山田中尉的神色异常严峻,顿首说道:
“荒木君,我们还是太低估了这种零敲碎打的危害,这才一天时间,皇军已经战死18人,重伤7人,接近半个小队了。
从县城出来,一天只走了十几公里,照这个速度,三天也到不了汇通镇,得想想办法才行。”
荒木沉声说道:
“山田君,你有什么好的建议?”
山田想了一下后说道:
“让皇协军一营在前面开路,二营护卫在两翼,将皇军护在中间。
就让华夏人去对付华夏人吧,至少可以减少勇士们的伤亡。”
荒木想想也只能这样,伪军本来就是消耗品,正好废物利用。
哪怕是消耗八路军有限的弹药也行,想到这里他就皮笑肉不笑的说道:
“山田君,有请孟团长!”
汇通镇,二排排部
鬼子还没有进入小地图的范围,这说明侦察分队第一天的袭扰效果是不错的,接下来的两天是关键。
经过一天的疏散,镇上超过六成以上的老乡已经转移,再给二排一天时间,全镇的民众都将完成疏散转移任务,全部躲进大山。
由于刚刚收完秋粮,地主和老乡手中都积攒了大量粮食,想要隐藏和转移这些粮食是个大问题,特别是像王家这样的大户。
想要全部转移几乎是不可能,但留下来就是资敌,最终的解决方案就是由镇政府出钱买下,资金不够就欠着,以农业税作抵押。
镇政府将从地主家收购的粮食,统一运进大山,然后藏在山洞中,藏不下的,钟铁山就收进了系统仓促内。
只是受到空间的限制,一千立方米堆不下多少东西,这就不是用来装粮食,除非升级到一万立方米。
应个急还行,钟铁山借机存储了800吨粮食,以备关键时刻所用。
经过半个月集中训练,在训练神通的加持下,各村的民兵对付十个八个鬼子已经没有问题了。
之前派驻到各种的武装工作组大部归建,每个民兵连(排)留下一个小组指挥,这样二排主力又完成了集结,只是每个步兵班减少到10人。
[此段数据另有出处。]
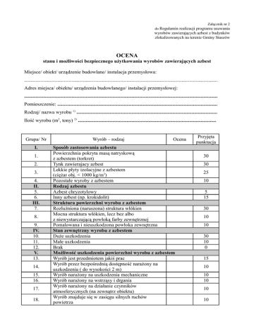 Załącznik nr 2 do Regulamin realizacji programu usuwania wyrobów zawierających azbest z budynków zlokalizowanych na terenie Gminy Staszów OCENA stanu i możliwości bezpiecznego użytkowania wyrobów zawierających azbest Miejsce/ obiekt/ urządzenie budowlane/ instalacja przemysłowa: ....................................................................................................................................................... Adres miejsca/ obiektu/ urządzenia budowlanego/ instalacji przemysłowej: ....................................................................................................................................................... Pomieszczenie: ............................................................................................................................. Rodzaj/ nazwa wyrobu 1) .............................................................................................................. Ilość wyrobu (m2, tony) 2) ............................................................................................................ Grupa/ Nr I. 1. 2. 3. 4. II. 5. 6. III. 7. 8. 9. IV. 10. 11. 12. V. 13. 14. 15. 16. 17. 18. Wyrób – rodzaj Ocena Sposób zastosowania azbestu Powierzchnia pokryta masą natryskową z azbestem (torkret) Tynk zawierajacy azbest Lekkie płyty izolacyjne z azbestem (ciężar obj. < 1000 kg/m3) Pozostałe wyroby z azbestem Rodzaj azbestu Azbest chryzotylowy Inny azbest (np. krokidolit) Struktura powierzchni wyrobu z azbestem Rozluźniona (naruszona) struktura włókien Mocna struktura włókien, lecz bez albo z niewystarczającą powłoką farby zewnętrznej Pomalowana i nieuszkodzona powłoka zewnętrzna Stan zewnętrzny wyrobu z azbestem Duże uszkodzenia Małe uszkodzenia Brak Możliwość uszkodzenia powierzchni wyrobu z azbestem Wyrób jest przedmiotem jakiś prac Wyrób przez bezpośrednią dostępność narażony na uszkodzenia ( do wysokości 2 m) Wyrób narażony na uszkodzenia mechaniczne Wyrób narażony na wstrząsy i drgania Wyrób narażony na działanie czynników atmosferycznych (na zewnątrz obiektu) Wyrób znajduje się w zasięgu silnych ruchów powietrza Przyjęta punktacja 30 30 25 10 5 15 30 10 10 30 10 0 15 10 10 10 10 10 19. Wyrób nie jest narażony na wpływy zewnętrzne VI. 20. Wykorzystanie pomieszczenia Regularnie przez dzieci, młodzież lub sportowców Trwałe lub częste przebywanie w pomieszczeniu innych osób Czasowo wykorzystywane pomieszczenie Rzadko wykorzystywane pomieszczenie Usytuowanie wyrobu Bezpośrednie w pomieszczeniu Za zawieszonym, nieszczelnym sufitem lub innym pokryciem W systemie wywietrzenia pomieszczenia (kanały wentylacyjne) Za zawieszonym szczelnym sufitem lub innym pokryciem, ponad pyłoszczelną powierzchnią lub poza szczelnym kanałem wentylacyjnym 21. 22. 23. VII. 24. 25. 26. 27. 0 Suma punktów z oceny 35 30 20 10 30 25 25 10 455 Stopień pilności ............... Stopień pilności I 65 i więcej punktów (wymiana lub naprawa wymagana bezzwłocznie) Stopień pilności II (ponowna ocena w czasie do I roku) powyżej 35 do 60 punktów Stopień pilności III (ponowna ocena w terminie do 5 lat) do 35 punktów …………………………….. Oceniający nazwisko i imię ……………………………………………. Właściciel / Zarządca Data ........................................ 1) Według klasyfikacji wyrobów przyjętych w sprawozdaniu rocznym - załącznik nr 2 do rozporządzenia Ministra Gospodarki, Pracy i Polityki Społecznej z dnia 23 października w sprawie wymagań w zakresie wykorzystania i przemieszczania azbestu oraz wykorzystania i oczyszczana instalacji lub urządzeń, w których był lub jest wykorzystywany azbest (Dz.U. Nr 192, poz. 1876) 2) Zgodnie z inwentaryzacją i sprawozdaniem rocznym - § 7 wymienionego w odnośniku 1 rozporządzenia 3) Duża uszkodzenia – widoczne pęknięcia lub ubytki na powierzchni równej lub większej niż 3% powierzchni wyrobu 4) Małe uszkodzenia – brak widocznych pęknięć, a ubytki na powierzchni mniejszej niż 3 % powierzchni wyrobu Przy określaniu rodzaju wyrobu zawierającego azbest należy stosować następującą klasyfikację: - płyty azbestowo-cementowe płaskie stosowane w budownictwie, - płyty faliste azbestowo-cementowe dla budownictwa, - rury i złącza azbestowo-cementowe, - izolacje natryskowe środkami zawierającymi w swoim składzie azbest, - wyroby cierne azbestowo-kauczukowe, - szczeliwa azbestowe, - wyroby azbestowo-kauczukowe, z wyjątkiem wyrobów ciernych, - inne wyroby zawierające azbest, oddzielnie niewymienione, w tym papier i tektura

主力减少到212人,兵力与鬼子一个中队相当,装备优于鬼子,有小地图这个战场作弊器在,单挑一个中队还是有信心。
现在最大变量是那大几百伪军,不要以为伪军就是废物,同样咬人。
要想打败他们,还得诱敌深入,迫使其分兵,然后才能各个击破,钟铁山在盘算怎么让敌分兵……
同一片夜空下,荒木大尉也在盘算着怎么破局,双方指挥官的斗智斗勇决定了战局的走向。
“嗒嗒嗒……”
“轰轰轰!”
黑夜深处又传来了枪炮声,荒木大尉忍不住皱起了眉头,这已经是第三次了!
“八嘎呀路,有完没完?”
一直到枪炮声停息,山田中尉才顶着两只黑眼圈走了进来,阴沉着脸说道:
“偷袭的八路已经击退,皇协军伤亡了十几人,敌方伤亡不详。”
“山田君,皇协军就是一群炮灰,损失十几个算不了什么。
只需要让勇士们守住本阵就行,随他们折腾去,不管是谁,只要靠近皇军阵地就格杀勿论!”
山田想想也只能如此,黑灯瞎火的他也不敢追击,风险太大。
最头疼的不是鬼子,而是伪军团长孟东,当炮灰的滋味真心不好受。
营长孟南再次发起了劳骚:
“大哥,日本人也太不是东西了,让兄弟们顶在外面挨揍,他们躲在里面看热闹。
这才一天时间,弟兄们就伤亡了几十人,几个重伤员明明还能救,山田那个王八蛋就说没气了,直接给活埋,这是不把弟兄们当人啊!”
孟东本来就烦躁,听孟南逼逼叨叨更是心里堵得慌,冷喝一声道:
“行啦,各有各的命,别说是鬼子,就是在国军,没有价值的伤员也不会救,药品比烂命值钱。
早死早超生,活着也是受罪!”
“我警告过你多少次了?要管住自己的嘴!
你也晓得日本人不是个东西,惹毛了他们没你好果子吃,到时我也保不住你。”
“把你的人撤下来,下半夜让山鹞子去,这群土匪懒散惯了,正好让八路军教教他们守规矩。”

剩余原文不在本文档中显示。